It is not, you need to remove the clam to get it done. Why should I spend my own hard earned money when this is something that should be fixed? Yes I check it to make sure nothing leaks, but I'm not about to pull off the clam to "fix" something that is not obviously broken yet.

If I pay to get it fixed when nothing is leaking, what are the chances of me getting that money compensated from Lotus? A big fat zero.
I guess you're repsonding to me?

The clam has to come off, huh? Wow.

Well, you've told me something I didn't know. I'm still trying to figure out what needs to be done, so that's helpful. Thanks.

Why should you pay for it? I don't think you should. Clearly, Lotus should pay for it. I thought I said something to that effect.

I guess what it comes down to is, take responsibility or take a risk. Each of us has to make up our own mind. And yeah, there's probably not much chance we'd get compensated later if we paid for a fix before Lotus steps up to the plate particularly if the fix involves aftermarket parts. But, realistically there's probably not much chance Lotus will step up. I hope I'm wrong, but I've been down this rat hole before with another vehicle, a Toyota FJ Cruiser, without satisfactory results.

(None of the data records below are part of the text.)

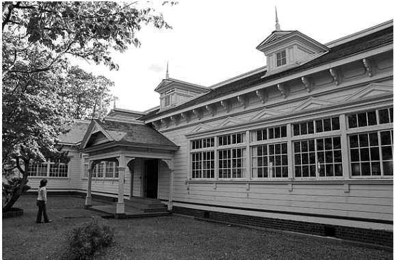
北海道開拓の村に復元保存されている北海道中学校の校舎
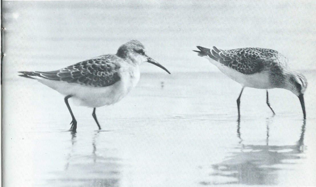
Tabel 2: Aantallen krombekstrandlopers en bonte strandlopers: enige vergelijkende waarnemingen; ZH=Zwarte Haan; WH=Westhoek.
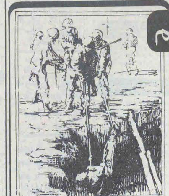
ITTT in Chile and SERVING PEOPLE AND NATIONS EVERYWHERE
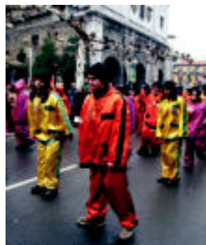
San Bernardo. Doinu dantzagarriak izan ziren nagusi talde honetako partaideek, raperoz mozturorik, eskaintako dantza saioan. N. LARRUGO

Dantza saioak goizean ikusteko aukera izan ez zuzenak arratsaldean ere izan zuten horretarako bera. Izan ere, aisialdi talde guztiak zuzenetan izan eta gero jarraitu zuten dantzan guztiok saioak korrikora nekari aurreratu egin.
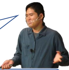
長崎外国語大学/日本

Q, 기획위원은 어떤 일을 하시지요? A, GP는운동회나 프레젠테이션 대회, 카페토크 등등 여러가지 이벤트를 하고 있습니다. 기획운영위원은 개최되는 이벤트를 다같이 협력해서 기획과 운영을하고 있습니다. 저희와 함께 기획하는 즐거움을 느껴봅시다!
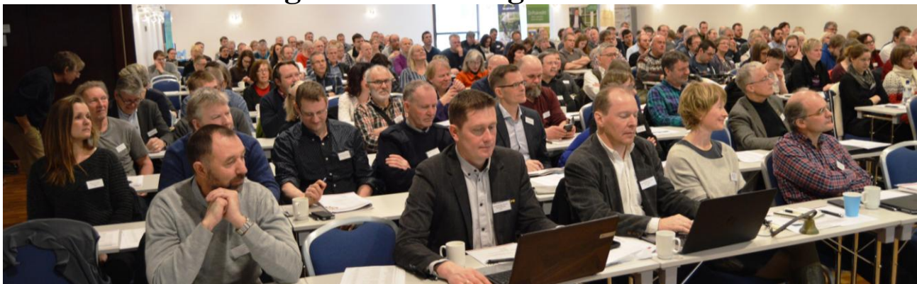
Næringskonferansen samlet 190 deltakere i Bankettsalen på Alexandra Hotell i Molde.
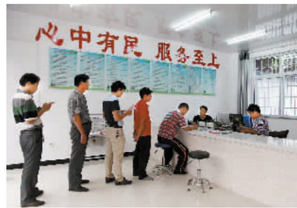
八里畝镇设立便民服务大厅,简化了办事流程,提高了办事效率,方便了办事群众,优化了干群关系。

目前,“五老四员”已成为党委政府在农村工作中的一支重要力量,抢占了思想、道德、风气主阵地,作为党委政府的代言人、公平正义的维护者、党风廉政的监督员、广大群众的主心骨,维护了基层社会和谐稳定。实际效果表明,“五老四员”工作法在提升群众满意度、增强群众幸福感、推进经济发展、维护社会稳定等方面可发挥积极作用,在不断探索总结中,也给予我们一些经验启示。一是民主决策全透明。人民群众享有决策过程的知情权、参与权和监督权。镇党委、镇政府严格规定,村级重大事项决策时,必须有该村一半以上的“五老四员”参加,改变了过去开会没人来、大事不知晓、群众不明白的局面,保证了村两委决策公开公正透明,增强了群众对村两委工作的了解,减少了不理解,缩短了党群干群距离,改善了党群干群关系。二是矛盾化解及时雨。镇村干部人员少,日常工作繁杂,解决矛盾纠纷难以及时到位,“五老四员”多是村里长辈、名人,深受群众尊敬,解决邻里纠纷等问题说服能力强,与村民同属一个村组,有问题能够及时发现、及时赶到、及时解决,不能解决的,可通过组村乡三级联动化解,“五老四员”化解一批、村调解一批、镇调处一批,把问题解决在基层和萌芽状态,实现小事不出组、大事不出村,重大问题不出乡。三是便民服务零距离。实行碎片化、网格化、标签化管理,明确“五老四员”辖区权限义务,群众遇到困难通过电话直接联系,为年老体弱村民提供上门服务,全程代办、限时办结、及时反馈,让群众好办事,为群众办好事,解决联系服务群众“最后一公里”问题。四是作风监督全覆盖。优化监督方式,壮大监督队伍,乡级部门同时接受120名“五老四员”监督,促进了党风廉政监督由“孤军奋战”向“齐抓共管”转变,伸张了公平正义、打压了歪风邪气,净化了乡土风情,切实解决群众办事“门难进、脸难看、事难办”的问题。
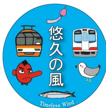
ヘッドマークデザイン
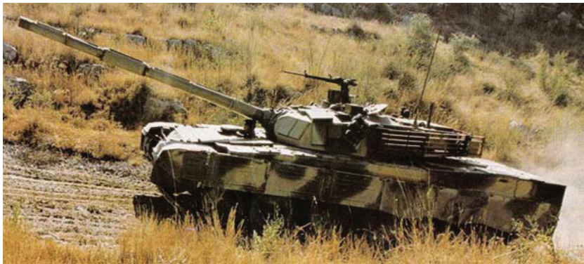
Tanque Principal de Batalla Chino Tipo 90

La descripción de los “caballos” en la visión, sobre los cuales los hombres cabalgaban, encaja exactamente la descripción de los tanques modernos. Los tanques fueron los vehículos que se usaron para transportar a los soldados del ejército Ruso en la Segunda Guerra Mundial cuando obligaron al ejército Alemán a retroceder hacia Berlín. Los tanques Rusos estaban tan atestados con soldados, que algunos cayeron de los tanques y fueron aplastados por los tanques que venían atrás. Recuerde que el apóstol Juan nunca había visto otro vehículo que no haya sido un carro tirado por caballos. Para él, cualquier cosa sobre la cual el hombre podía montarse era solo un caballo “grande.”
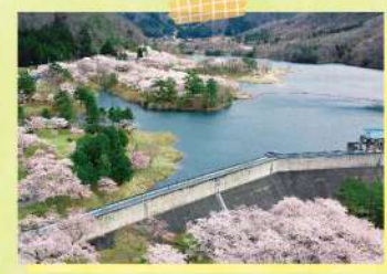
大野ダム ☎ 0771-75-0143 ☎ 美山町極原中野山41-2 🕒 大野ダムビジターセンター 4月～11月9:30～17:00 / 12月～3月9:30～16:30
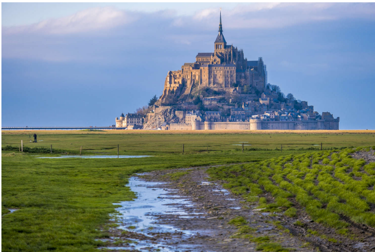
Mont Saint Michel er verd en omvei i seg selv.

For 10-12 euro per natt får du det bra, og på de fleste steder sanitæranlegg, strøm (6 Amp) og alltid fast dekke. På appen kan du se hvor plassene er, hvordan du kommer deg dit og om det fortsatt er ledige plasser.
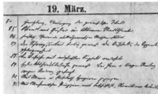
8 Tagebuchblatt von Heinrich Hertz
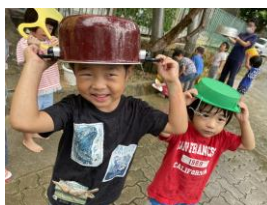
雨の日でも楽しむくま組さん
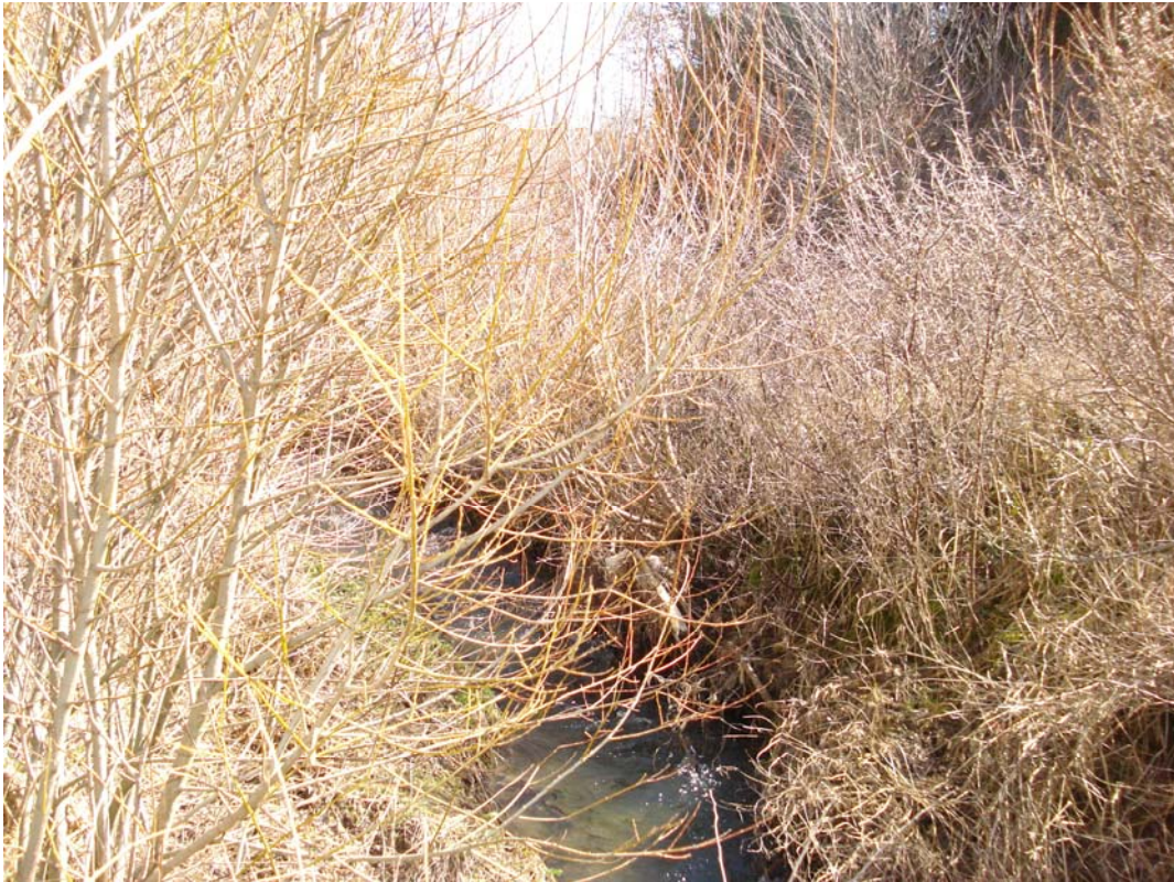
Situación después de la actuación
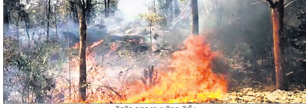
ବିପ୍ରତିହ ଜଙ୍ଗଲରେ ଲାଗିଥିବା ନିଆଁ।
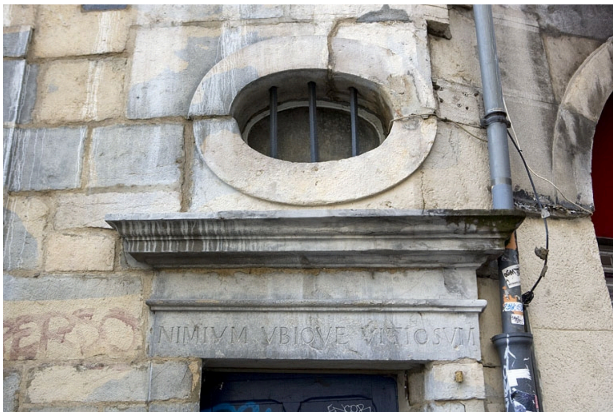
Détail du linteau de porte avec inscription du logis secondaire, rue des Boucheries.
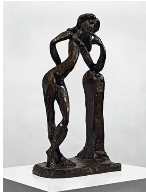
Görsel-7 "La serpentine 1909"

Matisse'nin Avrupa dışı kültürlere olan ilgisi bilinmektedir. 1906 yılından itibaren Afrika kültürüne ait oymaları toplamaya başlamıştır. Afrika heykellerinde gözlemlediği natüralist anlayışla, insan bedeninin daha temel ve fiziksel bir yönüne doğru hareket eden dramatik bir sadeleştirme sürecini benimsemiştir. Afrika sanatının, anatomik açıdan doğru olarak nitelendirilemeyecek heykellerinde, duygunun aktarımına dönük izlenimleri keşfeden Matisse, ilkelcilikten ilham aldığı eserlerinde, sadeleştirme eğiliminde bir tavır benimsemiştir (Görsel,7).
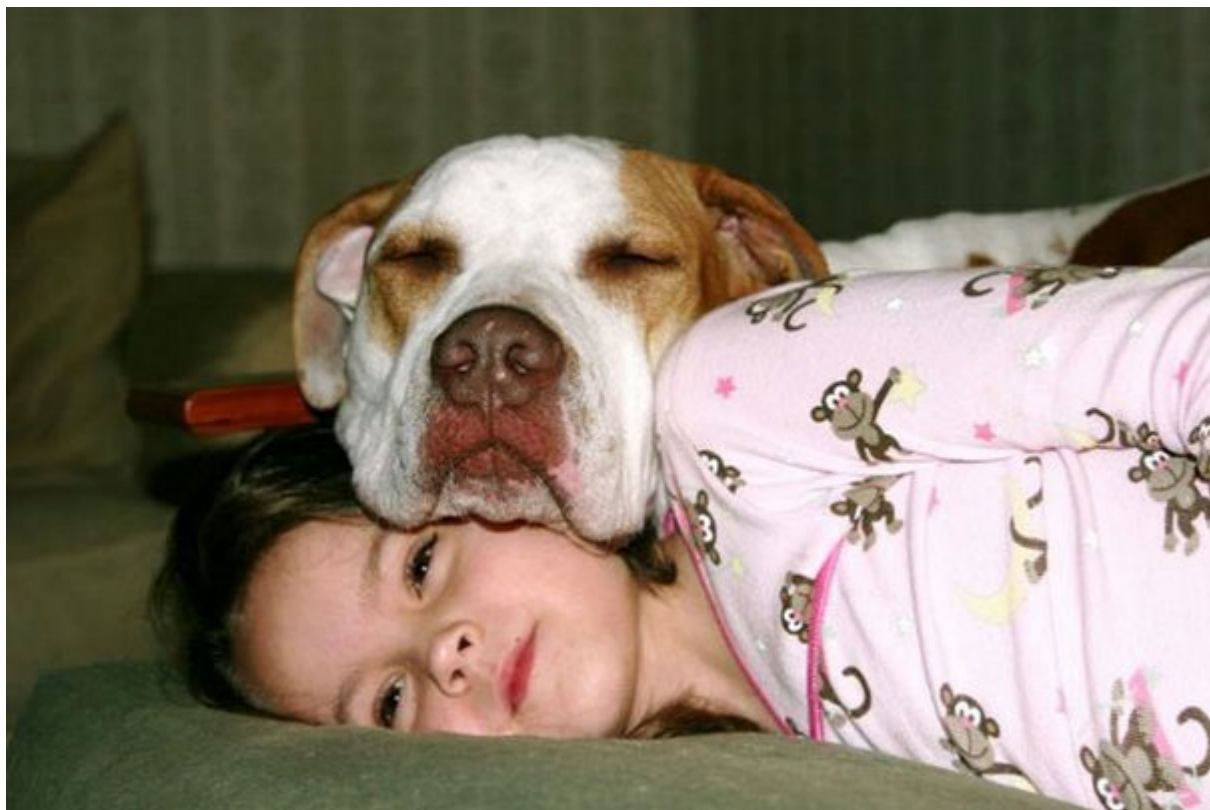
Βοηθούν στην πρόληψη εκζέματος στα παιδιά

Θα μπορούσε να είναι ευεργετικό να πάρετε ένα σκυλί για το μωρό σας, ακόμα κι αν αυτό είναι αλλεργικό. Μελέτες έχουν δείξει ότι τα παιδιά ηλικίας κάτω του ενός που ζουν με ένα σκύλο, είναι πολύ λιγότερο πιθανό να αναπτύξουν έκζεμα.

The only thing I remember Jimmy Carter say that made any sense to me was something like "there are things in life that are not fair." I know that's the fact and so I just deal with it when necessary. This may be one of those times.

I bought my car to enjoy it, not worry about it. If I decide there's a sufficient risk and if I can prevent the problem for a price I consider reasonable, I think a preventive fix would probably make more sense to me than taking my chances, whether I get compensated by Lotus later or not. But that's just me and what's reasonable to me might not be reasonable to you.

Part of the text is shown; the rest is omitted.